121

 あの時−−リクリスでユシライヤとエニシスと離れてから、眠れない夜を過ごしていた時。呼応石が不審な反応を示したので、ターニャは迷わず駆けていた。しかし彼の元に辿り着いた時には既に、手の施しようのない状態となっていた。
 それは果たして避けられない運命だったのだろうか。本当に、出来ることは無かったのだろうか。自分が、もう少し早く異変に気付けていれば。そもそも二人と離れたのがいけなかった。拒まれようと、対立しようと、彼らの側に居れば、あるいは−−。一体どこまで遡れば償えるのか。記憶を巻き戻しながら、ターニャは蹲る。

「あなたが……最初に言ったんじゃないですか。僕を連れて行ってくれるって。僕の居場所を見つける手助けをしてくれるんだって。無責任なあなたは……僕には何もしてくれなかった」

 彼の力になりたい思いは嘘ではなかった。放っておけなかった。ガーディアンとして未熟だった頃、救えなかった命を目にしてきた彼女にとっては。だから、それが自身の容量を超えていると予測出来たとしても、手を差し伸べた。それは間違いだったのだろうか。

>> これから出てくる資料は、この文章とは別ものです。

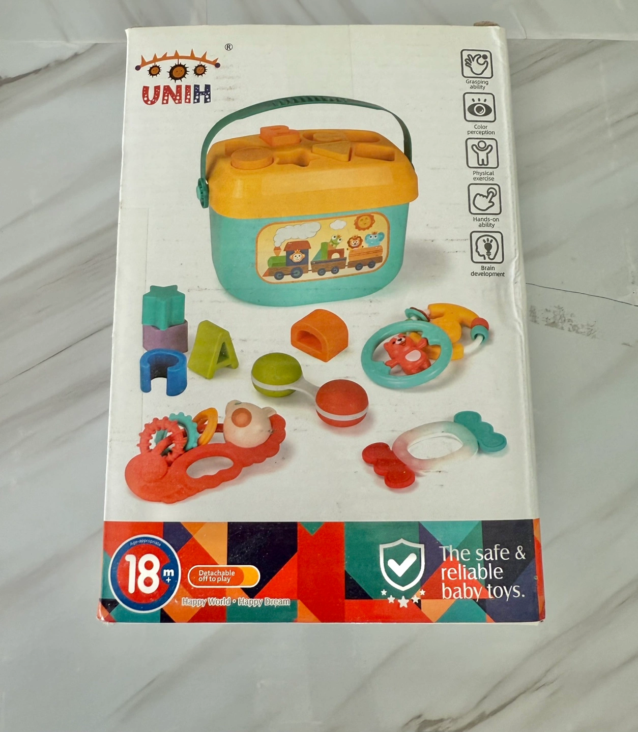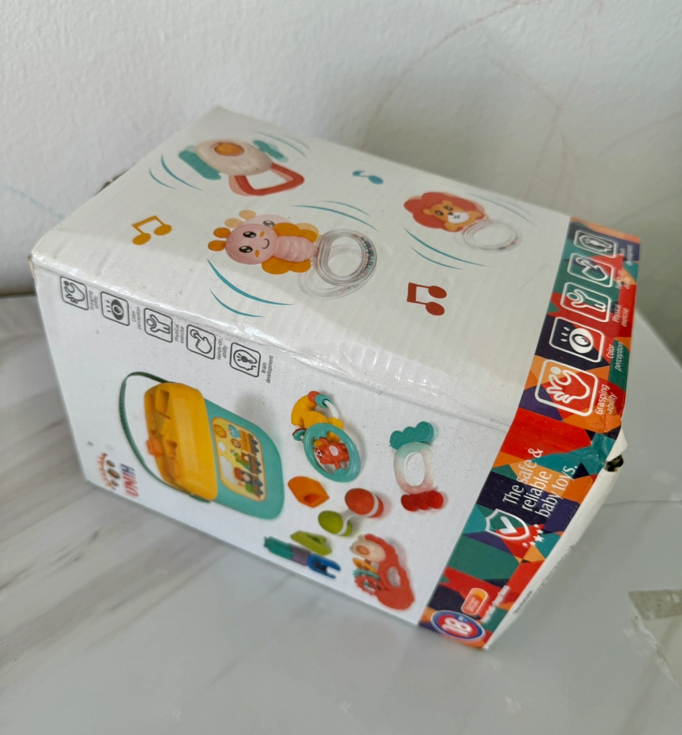 New baby toy set. Includes colorful blocks, rattles, and a handy carry case. Great for sensory and developmental play. Suitable for babies 18 months and up. Safe and reliable materials.

「ご、ごめんなさい……ごめんなさい、エニシス……私、私は……」
「幾ら謝られても、もう僕には何の言葉も届かないですよ。だって死んじゃったんですから」

 顔を上げれば、突き刺すような視線がエニシスから向けられていた。

「短くて寂しい人生でした。可哀想でしょう? そんな僕に、あなたはどう責任をとるんですか? こんなことなら、最初からあなた達についていかなきゃ良かったんだ……!」

 少年の顔に浮かぶ悲痛から零れ落ちるものを、ターニャは竦んだまま、受け止めるしか出来ない。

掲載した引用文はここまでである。